At first I thought it was an April Fool's joke.
My friend I'll call Yvonne called me yesterday, urgently asking to come by and tell me about an earth shattering recent event in her family.
I have known her for 15 years. I know her brother, her mom and dad, her sister-in-law and her little nephew.
Her parents have always been weird.
The mother is a domineering, critical type and the dad is a typical engineer type, with a stoic temperament, not much to say and wildly perfectionistic standards.
As a hobby, the mom plays drums for a German Oompah band, and the dad collects guns and likes to fly around in his little Cessna.
They have always been undemonstrative, secretive and emotionally cold to Yvonne and her brother. Forget Yvonne and her brother being raised by wolves, try raised by robots.
Anyway, on Monday her dad somberly told her he has a letter to give her. He said it contained some crucial news about his health.

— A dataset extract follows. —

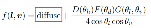 * 일반적으로 Lambert 디퓨즈 항으로 표현되는 것으로 가정되는 확산은 상수 값입니다.
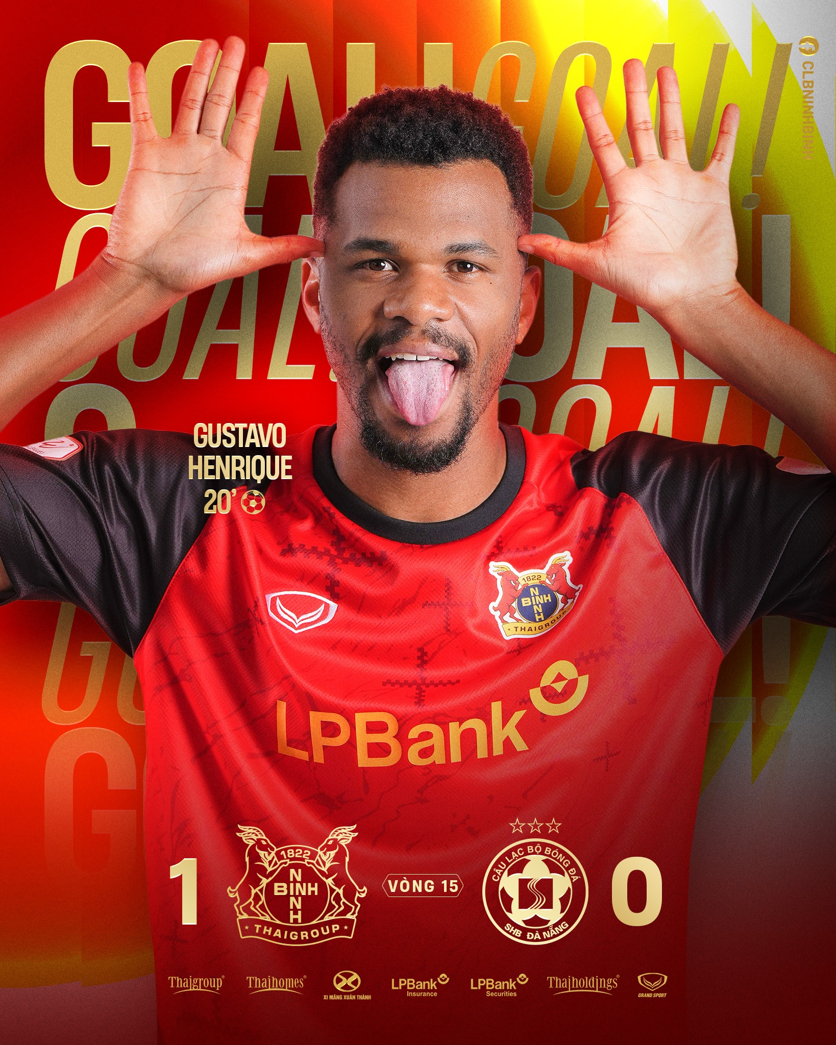 Nỗ lực của Ninh Bình được đền đáp ở phút 20. Từ pha tạt bóng bên cánh phải của Tiến Anh, Gustavo Henrique bật cao đánh đầu nguy hiểm, bóng chạm người hậu vệ Đức Anh đổi hướng rồi bay vào lưới. Bàn thắng giúp đội bóng của HLV Vũ Tiến Thành thi đấu tự tin hơn và phần nào kiểm soát được nhịp độ trận đấu.

Yvonne immediately thought Alzheimer's or Lou Gherig's disease. She braced herself for the worst.
Two days later, when the shock had subsided a bit, Yvonne brought the letter over to get my take on it.
I held the three pages of small, single-spaced type and began to read. As I read, my jaw dropped and stayed dropped.
Seems her father had finally had enough of the lies and pretending. After 43 years of marriage, he said it was either commit suicide or become the person he was always meant to be.
He's getting gender reassignment surgery.
Yvonne, always one to seize an opportunity, took that news as the perfect segue into telling her father she was gay.
Needless to say, he was cool about it. So immersed was he in his gender dysphoria, he said he never noticed she was gay. So immersed is he now in his plans to become a woman, the topic of Yvonne's coming out only lasted a few minutes, then it was back to him.
Yvonne was delighted with the reprieve. She'd always expected to be disowned if she came out to him. Ha.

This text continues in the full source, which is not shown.